Mais sachez aussi qu’il n’est pas « obligatoire » de pleurer en pelant son oignon.

… La molécule responsable des propriétés lacrymales de l’oignon — du nom de thiopropanethial S-oxyde — est libérée lorsqu’on défait le bulbe.

Elle est très soluble dans l’eau. Ce qui veut dire qu’elle peut être éliminée lorsque l’oignon pelé est rincé sous l’eau, ou s’il est préalablement refroidi.

Santé !

Gabriel Combris

Sources :

[1] Jean Palaiseul, Nos grands-mères savaient, Robert Laffont.

[2] Moon JH, Nakata R, Oshima S, et al. Accumulation of quercetin conjugates in blood plasma after the short-term ingestion of onion by women. Am J Physiol Regul Integr Comp Physiol. 2000 Aug;279(2):R461-7. 2000.

[3] Wagner H, Dorsch W, Bayer T, et al. Antiasthmatic effects of onions: inhibition of 5-lipoxygenase and cyclooxygenase in vitro by thiosulfinates and “Cepaenes”. Prostaglandins Leukot Essent Fatty Acids. 1990 Jan;39(1):59-62. 1990.

[4] Wang L, Lee IM, Zhang SM, et al. Dietary intake of selected flavonols, flavones, and flavonoid-rich foods and risk of cancer in middle-aged and older women.
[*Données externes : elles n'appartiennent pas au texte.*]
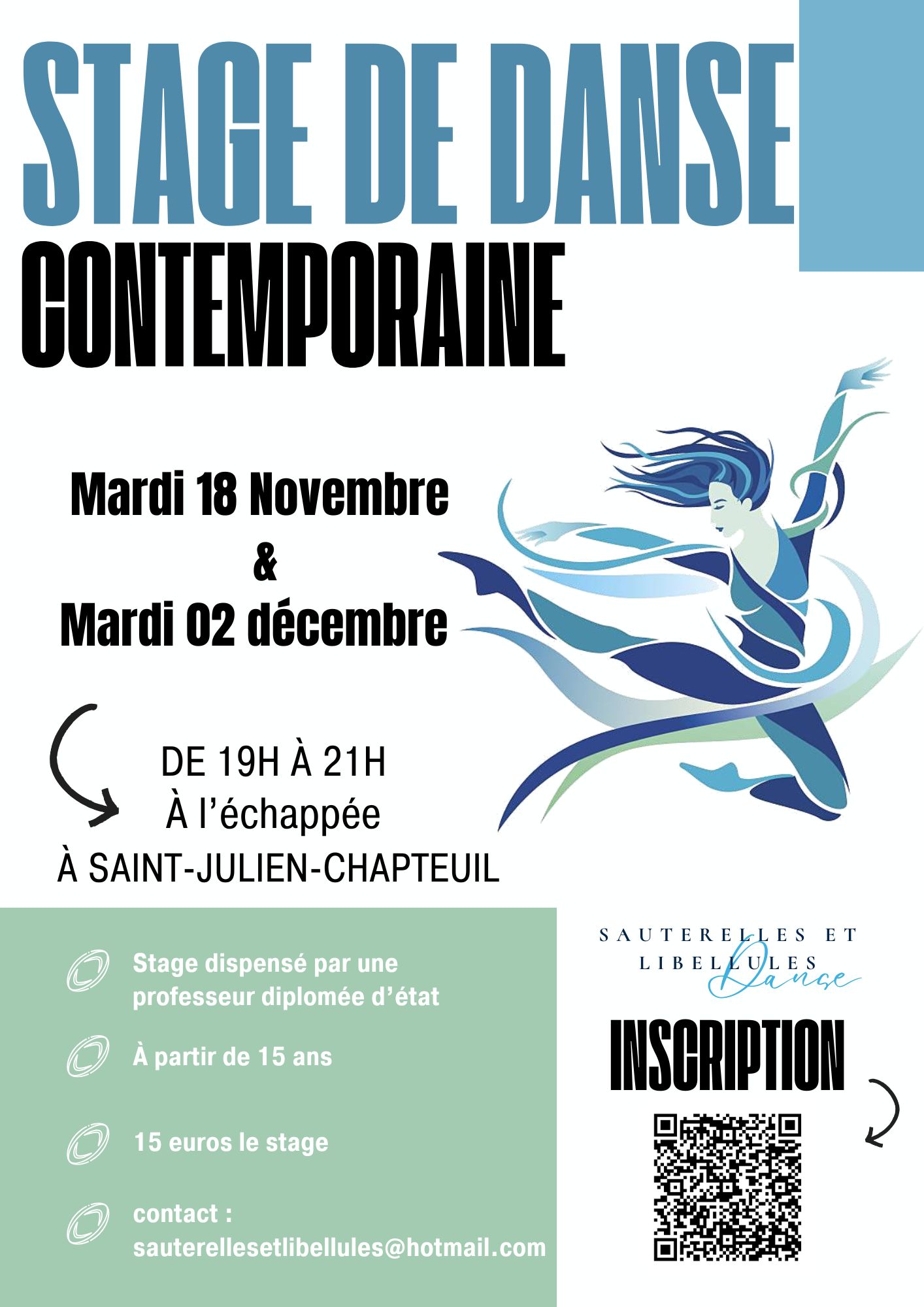 Sports-Loisirs | Saint-Julien-ChapteuilL’association « sauterelles et libellules » propose deux nouvelles dates pour découvrir ou redécouvrir la danse contemporaine. Ces stages, dispensés par une professeur diplômée d’état, sont ouverts dès 15 ans. Places limitées et réservables via helloasso. Tarif : 15 €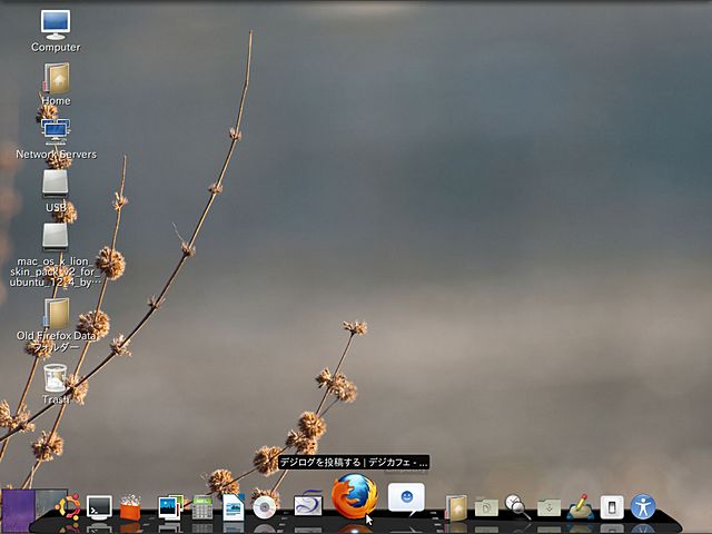 註:画像は、MacOSX風にしたデスクトップ。配布元は、ubuntu。バージョンは、12.04LTS。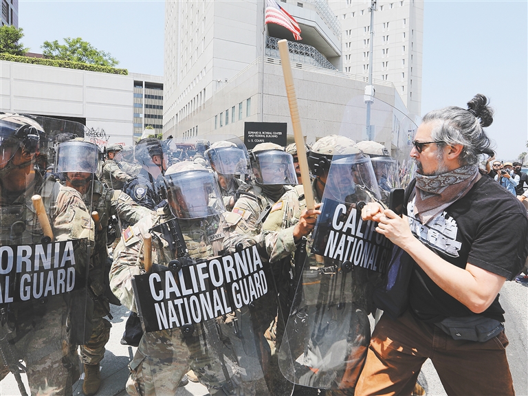 据报道,这是60年来美国总统首次在未获州长请求情况下直接调动该州国民警卫队应对国内骚乱。加州及洛杉矶地方政府强烈反对联邦政府这一举措,加州政府与联邦政府、共和党与民主党的移民政策冲突更加激化。一名现场民众在和记者交谈时问道:“这是你印象里的洛杉矶吗?现在美国出了什么问题,总是一半人在反对另外一半人。”

Am J Clin Nutr. 2009 Mar;89(3):905-12. 2009.

[5] . Aviram M, Kaplan M, et al. Dietary antioxidants and paraoxonases against LDL oxidation and atherosclerosis development. Handb Exp Pharmacol 2005;(170):263-300.

[6] Graf BA, Milbury PE, Blumberg JB. Flavonols, flavones, flavanones, and human health: epidemiological evidence. J Med Food 2005;8(3):281-90.

[7] Osmont KS, Arnt CR, Goldman IL. Temporal aspects of onion-induced antiplatelet activity. Plant Foods Hum Nutr 2003;58(1):27-40.

[8]

[9] Melino S, Sabelli R and Paci M. Allyl sulfur compounds and cellular detoxification system: effects and perspectives in cancer therapy. Amino Acids. 2010 Mar 6.

[10] Lombard K, Peffley E, et al. Quercetin in onion (Allium cepa L.) after heat-treatment simulating home preparation. Journal of food composition and analysis 18, 571-581. 2005. Ref Type: Journal (Full)

[11] Kawamoto E, Sakai Y, et al. Effects of boiling on the antihypertensive and antioxidant activities of onion. J Nutr Sci Vitaminol (Tokyo) 2004 June;50(3):171-6.